■ Work to complete
Leave the pictures in the listing below aside and reproduce exactly the lines starting with the one with "四、按动力种类划分6米长度段" and going on through the one with "Louis, Missouri. |", both ends included.

★ ★ ★ ★

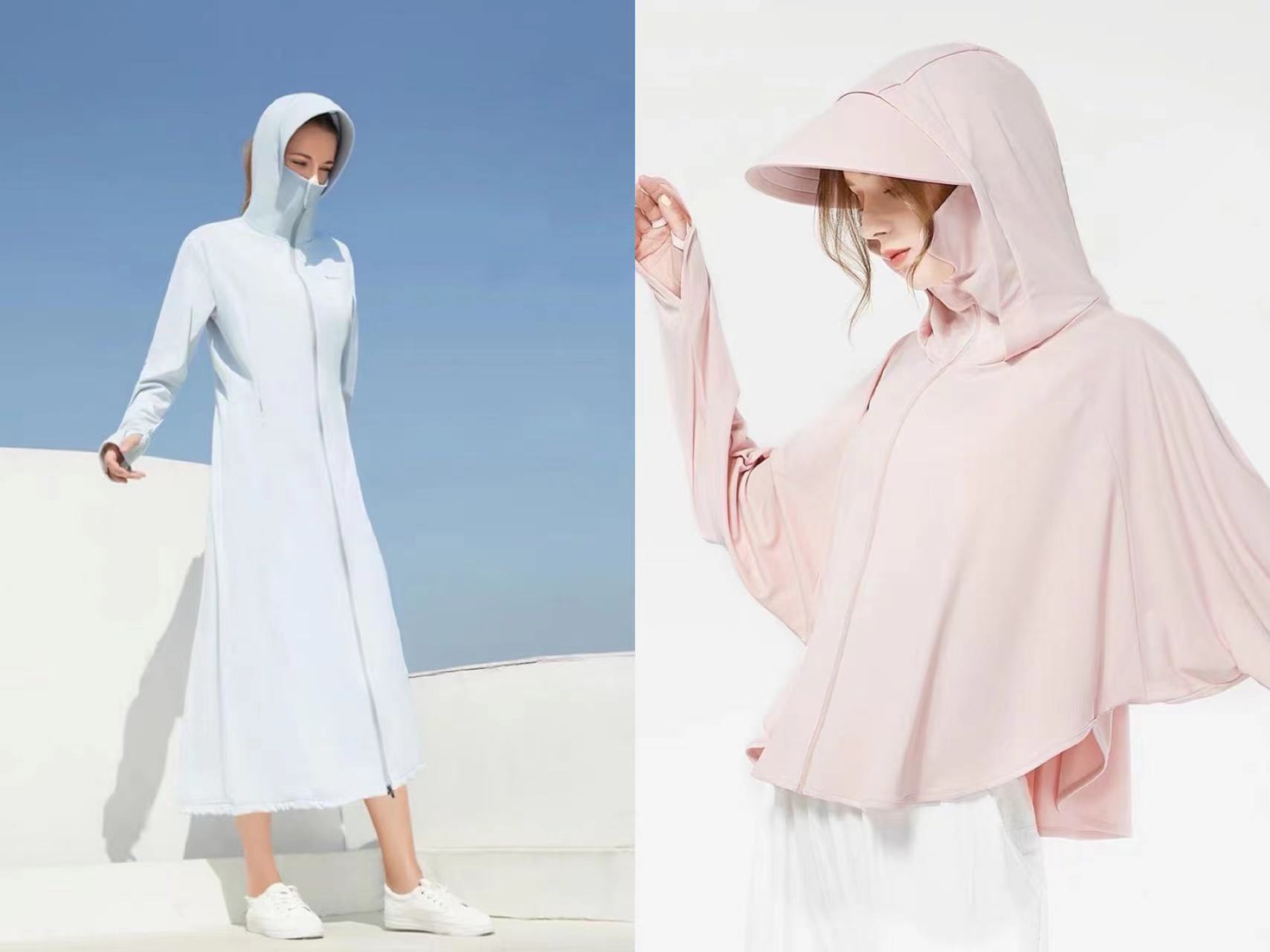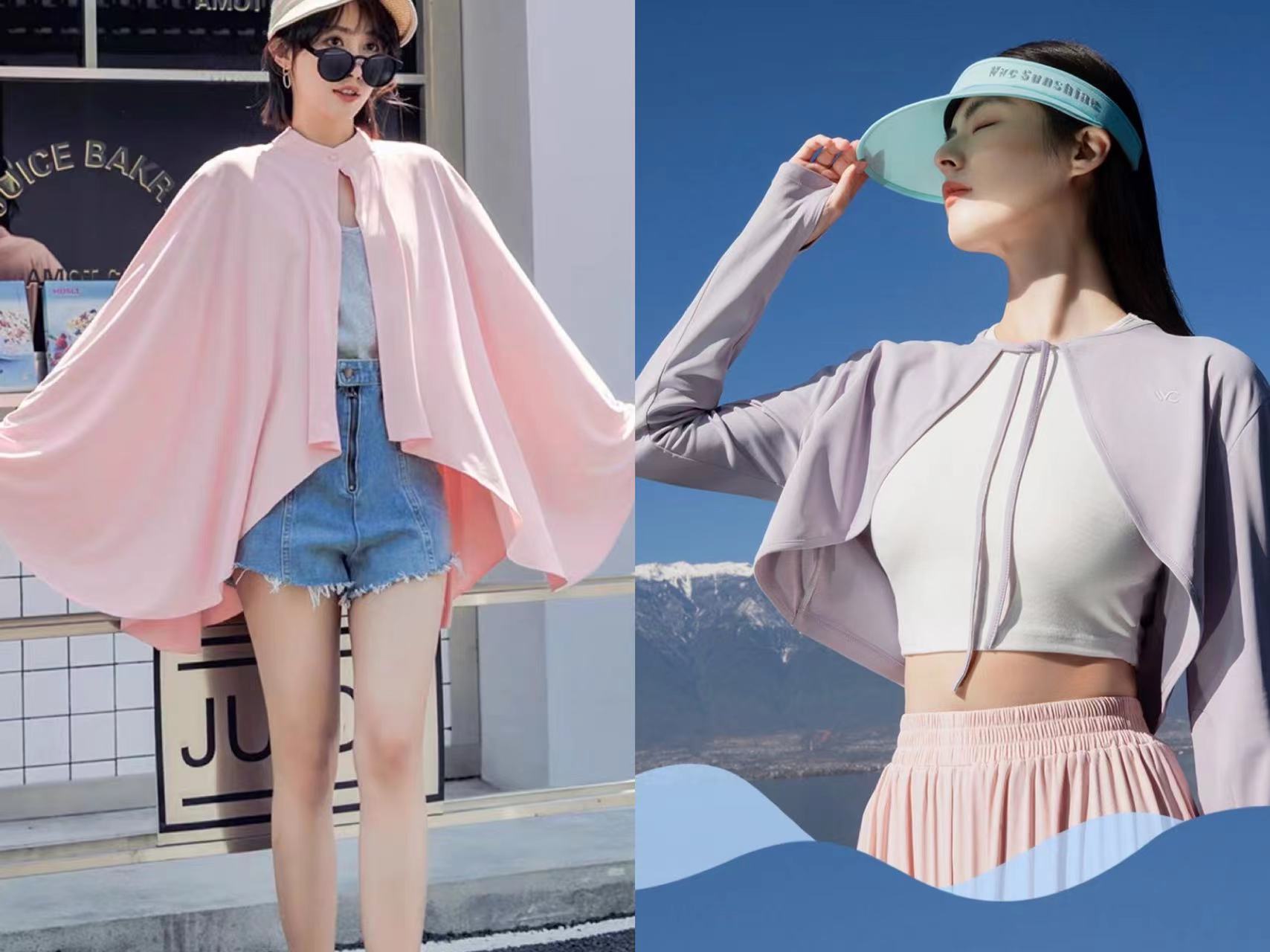 如果觉得防晒衣太厚实又不够美观,那更轻薄的防晒披肩和冰袖显然更受年轻人的青睐。
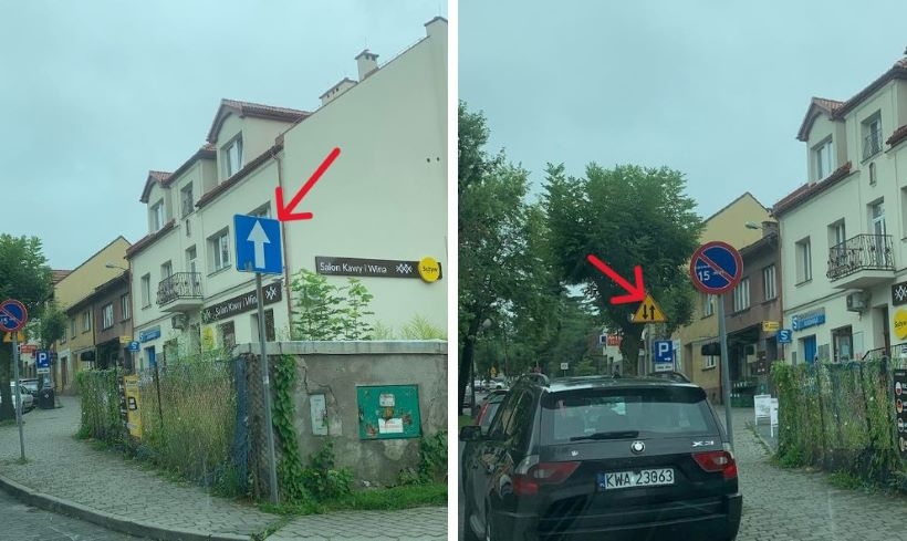 Jeden ze znaków informuje o drodze jednokierunkowej, a może dwa metry za nim jest znak informujący o drodze dwukierunkowej. Między znakami nie ma skrzyżowania, ani nic – dziwi się pan Przemek, który zwraca naszą uwagę na oznakowanie.
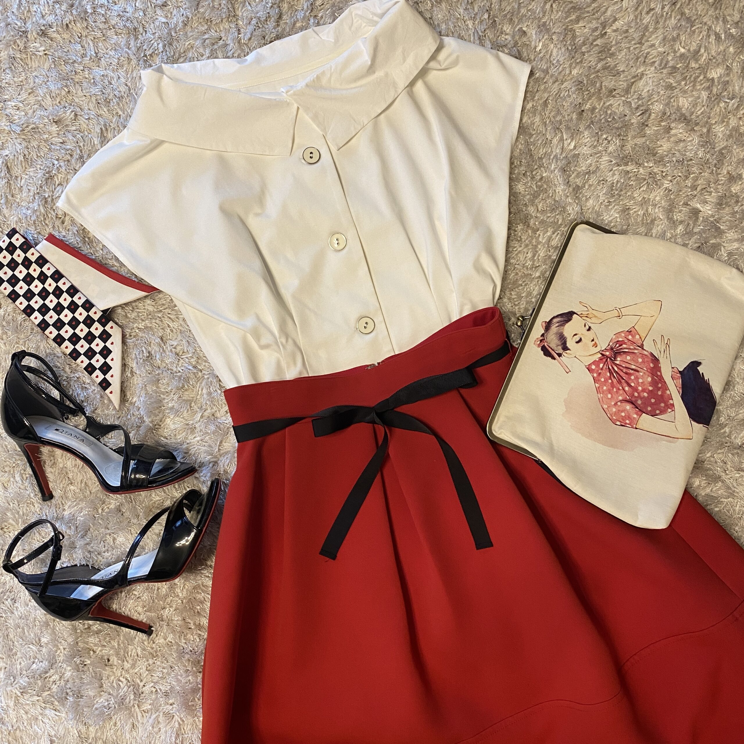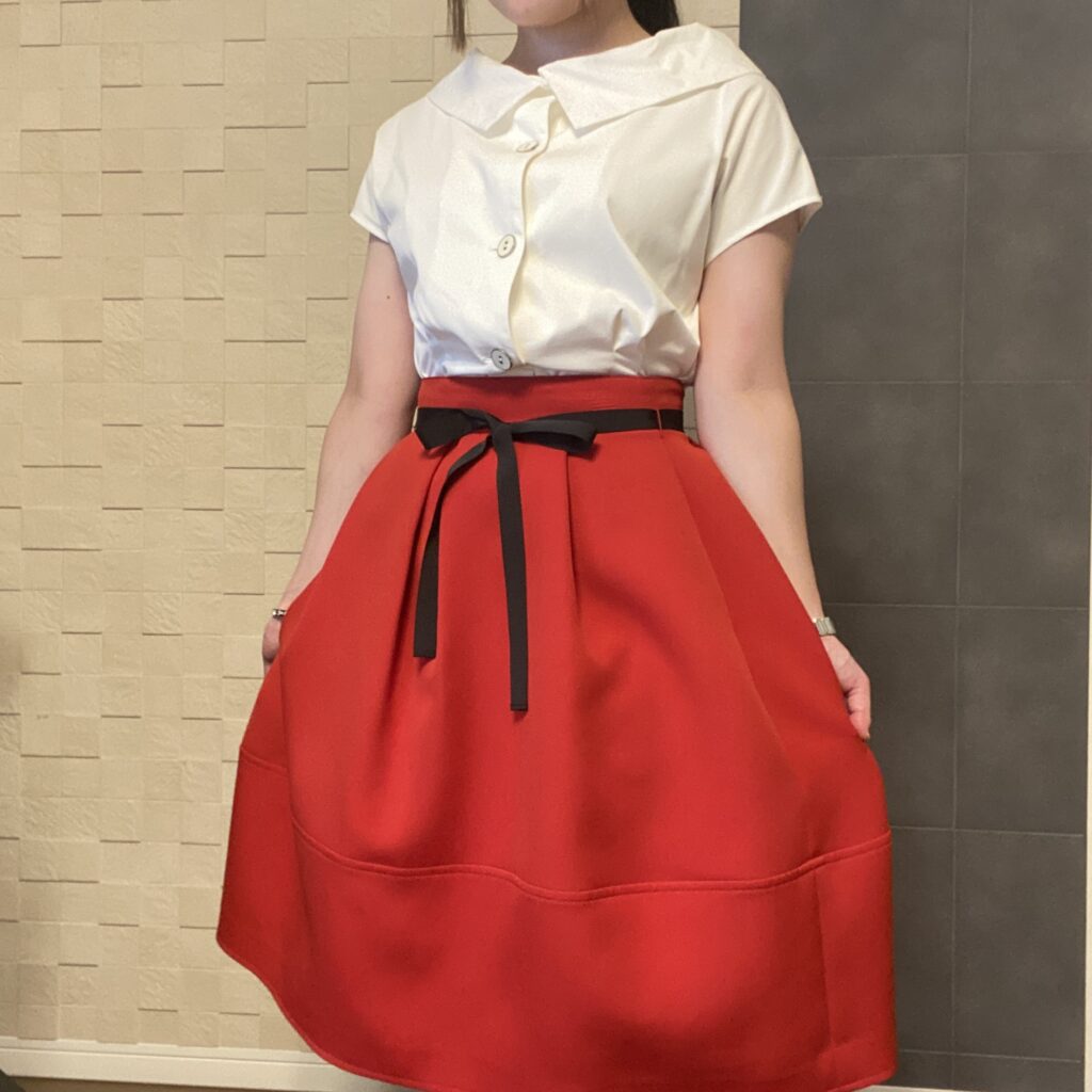 ハイウエストな赤のスカートに、黒のリボンもポイントです。
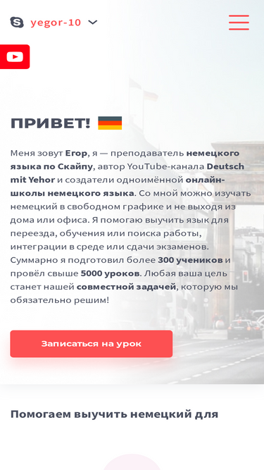 78%Уроки немецкого языка по Скайпу с Егором и Аней — авторами YouTube-канала Deutsch mit Yehor. Изучайте немецкий онлайн интересно и современно!
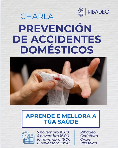 A enfermeira María Roel, do departamento de Benestar Social, Saúde e Familia do concello de Ribadeo, será a encargada de impartir unha nova serie de charlas centradas na prevención de accidentes domésticos, o coidado do fogar e os primeiros auxilios básicos. Durante as sesións, explicarase como actuar ante situacións comúns no fogar, como queimaduras, atragoamentos, caídas ou intoxicacións por mesturar produtos de limpeza.
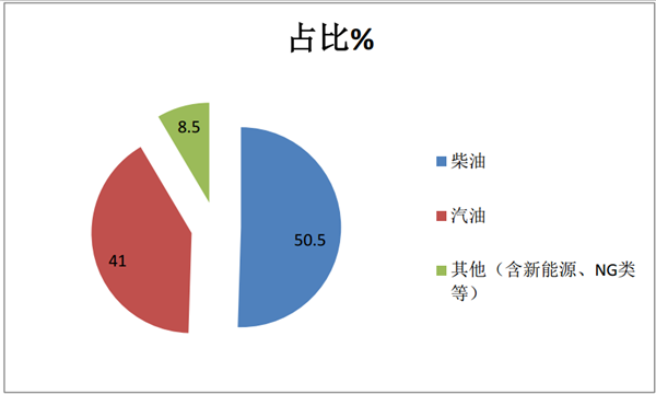 四、按动力种类划分6米长度段考斯特客车销量结构,柴油超半壁江山,为最大;汽车是汽油
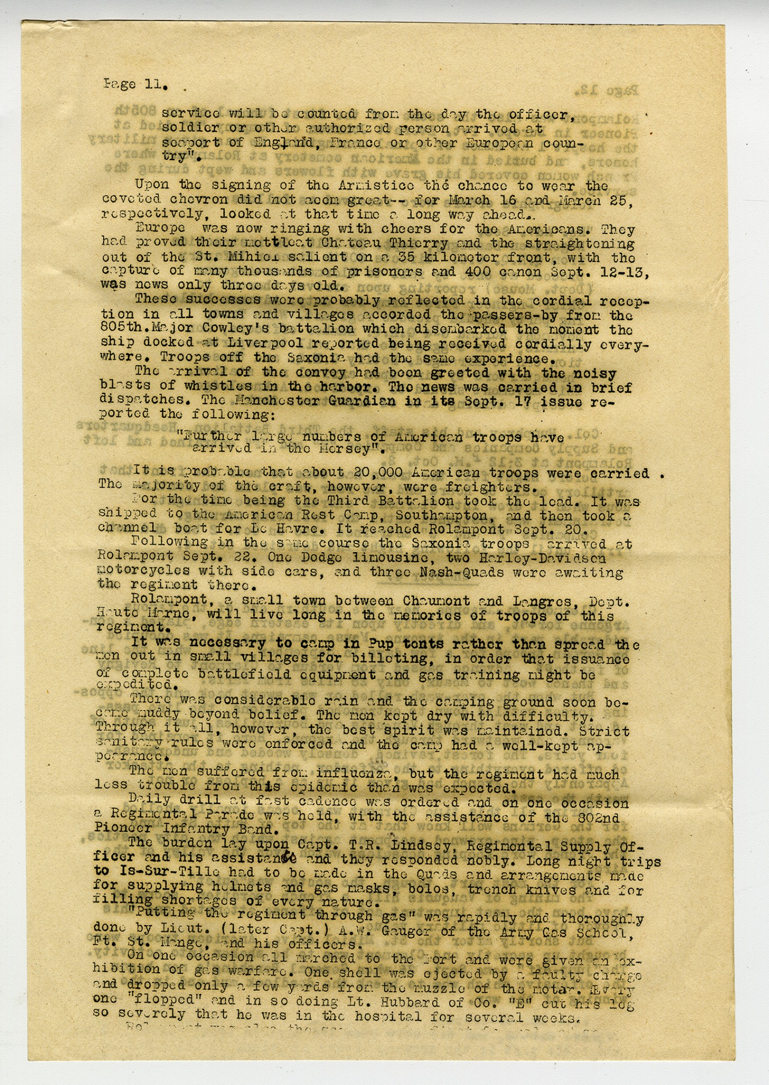 | Source | Bliss, Paul S. History of the 805th Pioneer Infantry. 05 July 1918 - April 1919. World War I Collection. A1771. Missouri History Museum, St. Louis, Missouri. |
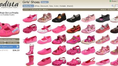 Modista działa inaczej - porównuje buty w bazie na podstawie ich koloru i fasonu, który wcześniej został zdefiniowany przez sprzedawcę. W ten sposób trafiamy na but który nam się podoba, ale -na przykład -nie przekonuje nas jego cena. Zamiast przedzierać się więc przez kolejne partie obuwia dla "ludzi z innego świata", klikamy na wybrany bucik, a serwis proponuje nam obuwie w podobnym do wybranego klimacie.
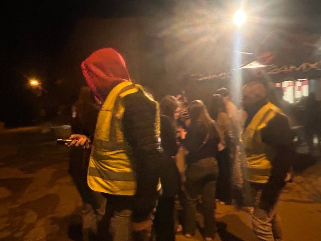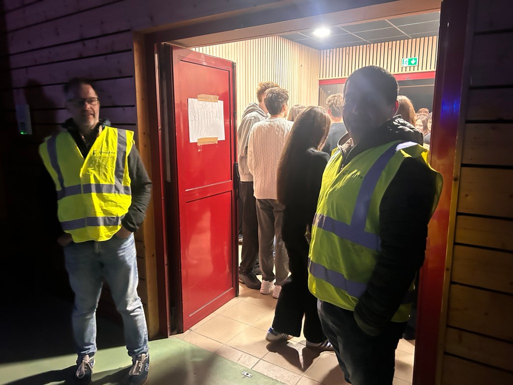 En arrivant aux abords du parking de la salle des fêtes, j’aperçois, au loin, des gilets fluo. J’imagine déjà la musculature saillante et les regards sévères de ces vigiles auprès desquels je vais devoir négocier mon entrée. Puis au fur et à mesure que je m’approche, mes craintes s’estompent : Il me semble même reconnaitre des têtes familières… Bah oui, forcément, ce ne sont que des parents, souriants et pleins de bonne humeur, qui jouent les gros bras pour l’occasion.
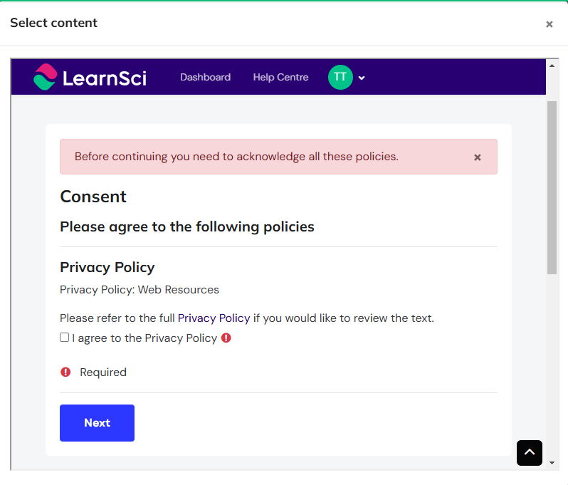 The first time you launch the new LearnSci tool, you’ll need to accept the privacy policy:
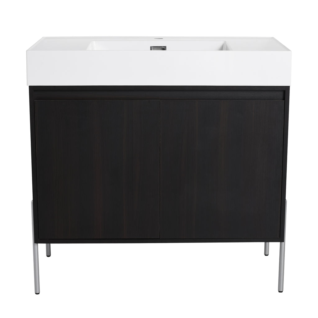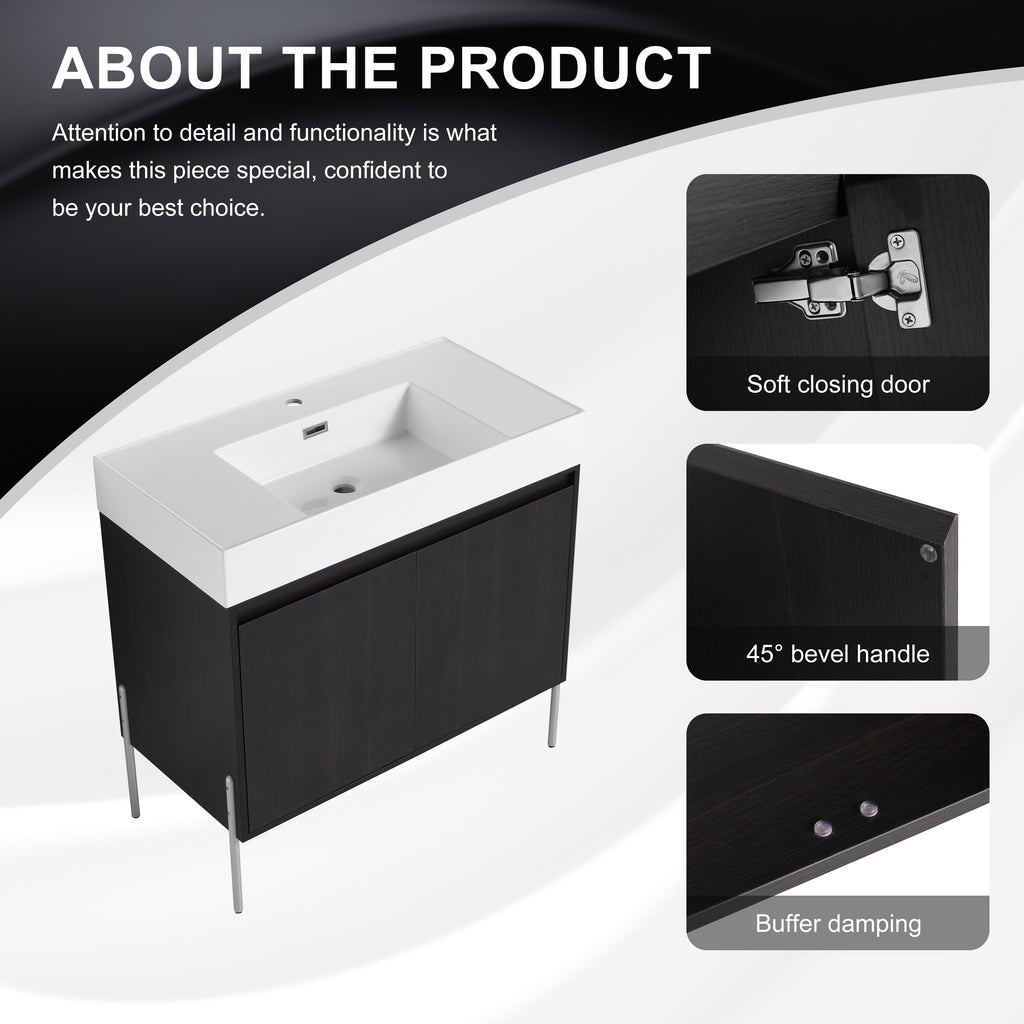 - [Durable Material Plywood]: Vanity base is made of high quality 'Eco-Friendly' plywood that surface material used 'Scratch & Water-Resistant' melamine, which is designed to not only withstand threats of moisture and humidity but also easy to clean and maintain.
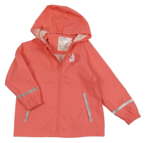 Korálová voděodolná jarní bunda s jednorožcem a kapucí Lupilu

★ ★ ★ ★

■ Response
 四、按动力种类划分6米长度段考斯特客车销量结构,柴油超半壁江山,为最大;汽车是汽油
 | Source | Bliss, Paul S. History of the 805th Pioneer Infantry. 05 July 1918 - April 1919. World War I Collection. A1771. Missouri History Museum, St. Louis, Missouri. |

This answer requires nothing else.